Last night, I received an email informing me that I got through the second screening and that I will be interviewed today for the third and final screening procedure. My first reaction was to squeal like a real spaz. But then my eyes zeroed in on the words PANEL INTERVIEW.
"Shit," I said.
I suck, and by suck I mean reaaaallllyyy SUCK, at interviews. The mere thought of sitting (or standing) in front of the whole CAMP OT department to answer questions that would decide whether I go to Sweden or not is enough to give me a panic attack. And I've never even had a panic attack in my life!
I swear, I'm a POS interviewee. When I was in my senior year of high school, I qualified for the UP INTARMED program and part of the screening is an interview. Nope, that's a story I vowed never to tell again. I'd like to keep that memory tucked deep within my subconscious because I hate to relive that failure of epic proportions.

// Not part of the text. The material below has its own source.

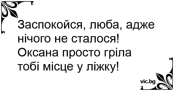 Заспокойся, люба, адже нічого не сталося! Оксана просто гріла тобі місце у ліжку!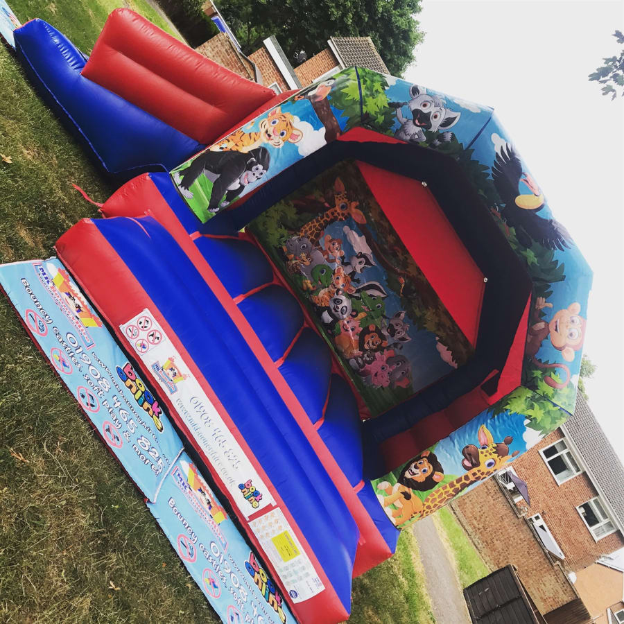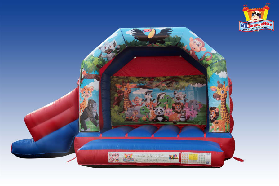 This JUNGLE FUN Themed Bouncy Castle with Slide COMBO has long been very popular at all events being held in and around Milton Keynes. If you want to have a 'wild time' then this is the right inflatable for you! A fantastic design full of fun animals including Giraffe, Monkeys, Gorilla, Tiger, Lion, Crocodile, Snake, Elephant, Toucan, Turtle and more!

Anyway, the fact of the matter is: me and interviews? Just no. That's a disaster waiting to happen.
I'm a writer by nature. If I haven't made that abundantly clear, I'm saying it again. I express myself better with the written word (check out my post from August 4th to read more about this).
It did not surprise me that my interview this morning SUCKED ASS. You know those stupid Yahoo! Answers questions and answers they post on 9gag? If my interview had a transcription, it could very easily replace those Y!Answers posts. Ugh. I feel like I should just give up on the idea of Sweden right now...
But no. I refuse to give in. I want this exchange program more than my next breath and I'm willing to do anything to get in... even fool myself into believing that I have a chance.
And now, let the waiting - and agonizing - begin.